[Source records — start]
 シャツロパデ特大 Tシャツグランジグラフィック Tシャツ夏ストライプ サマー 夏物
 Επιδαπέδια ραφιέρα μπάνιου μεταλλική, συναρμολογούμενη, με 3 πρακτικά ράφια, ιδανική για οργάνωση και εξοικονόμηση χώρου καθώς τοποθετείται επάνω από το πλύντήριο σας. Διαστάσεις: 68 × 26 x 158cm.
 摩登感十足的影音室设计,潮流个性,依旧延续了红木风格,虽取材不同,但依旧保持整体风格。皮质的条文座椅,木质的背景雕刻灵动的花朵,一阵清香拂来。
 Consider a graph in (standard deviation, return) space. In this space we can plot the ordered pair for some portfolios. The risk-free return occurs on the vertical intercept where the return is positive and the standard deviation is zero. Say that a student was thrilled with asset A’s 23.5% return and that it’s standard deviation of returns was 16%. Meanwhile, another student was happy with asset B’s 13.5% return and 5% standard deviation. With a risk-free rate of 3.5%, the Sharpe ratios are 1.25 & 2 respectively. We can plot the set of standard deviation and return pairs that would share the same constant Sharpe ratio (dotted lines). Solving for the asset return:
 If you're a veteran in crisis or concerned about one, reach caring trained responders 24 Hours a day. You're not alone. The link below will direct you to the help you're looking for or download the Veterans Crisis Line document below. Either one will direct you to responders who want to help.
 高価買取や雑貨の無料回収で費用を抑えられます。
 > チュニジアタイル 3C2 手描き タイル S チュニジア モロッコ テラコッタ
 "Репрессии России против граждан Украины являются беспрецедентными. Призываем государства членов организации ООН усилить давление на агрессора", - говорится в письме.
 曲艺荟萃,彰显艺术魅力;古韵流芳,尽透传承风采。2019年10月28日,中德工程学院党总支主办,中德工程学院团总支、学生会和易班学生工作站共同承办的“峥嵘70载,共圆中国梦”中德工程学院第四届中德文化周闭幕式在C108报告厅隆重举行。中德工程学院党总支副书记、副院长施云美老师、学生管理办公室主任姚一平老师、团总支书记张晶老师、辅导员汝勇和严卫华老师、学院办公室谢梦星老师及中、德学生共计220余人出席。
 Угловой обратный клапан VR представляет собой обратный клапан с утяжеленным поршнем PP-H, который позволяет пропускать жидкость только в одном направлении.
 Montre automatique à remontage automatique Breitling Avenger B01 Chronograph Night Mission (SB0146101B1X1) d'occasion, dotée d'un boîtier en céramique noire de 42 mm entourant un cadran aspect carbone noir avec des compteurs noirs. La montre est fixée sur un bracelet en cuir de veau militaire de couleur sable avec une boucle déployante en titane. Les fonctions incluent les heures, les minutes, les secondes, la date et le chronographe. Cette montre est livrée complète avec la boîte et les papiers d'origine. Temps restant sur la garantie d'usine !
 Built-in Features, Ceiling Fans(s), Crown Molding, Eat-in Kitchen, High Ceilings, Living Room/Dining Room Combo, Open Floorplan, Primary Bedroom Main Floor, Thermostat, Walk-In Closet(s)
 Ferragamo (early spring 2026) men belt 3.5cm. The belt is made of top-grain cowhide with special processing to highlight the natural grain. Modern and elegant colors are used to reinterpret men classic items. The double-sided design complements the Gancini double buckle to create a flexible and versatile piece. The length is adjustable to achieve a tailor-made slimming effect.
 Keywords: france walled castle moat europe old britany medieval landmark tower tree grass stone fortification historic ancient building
[Source records — finish]
Instructions to follow :: Taking the lines above, repeat exactly those from the line that contains "高価買取や雑貨の無料回収で費用を抑えられます。" through the line that contains "говорится в письме.", and both of those lines as well. Include nothing else.

Result of this exercise ::
 高価買取や雑貨の無料回収で費用を抑えられます。
 > チュニジアタイル 3C2 手描き タイル S チュニジア モロッコ テラコッタ
 "Репрессии России против граждан Украины являются беспрецедентными. Призываем государства членов организации ООН усилить давление на агрессора", - говорится в письме.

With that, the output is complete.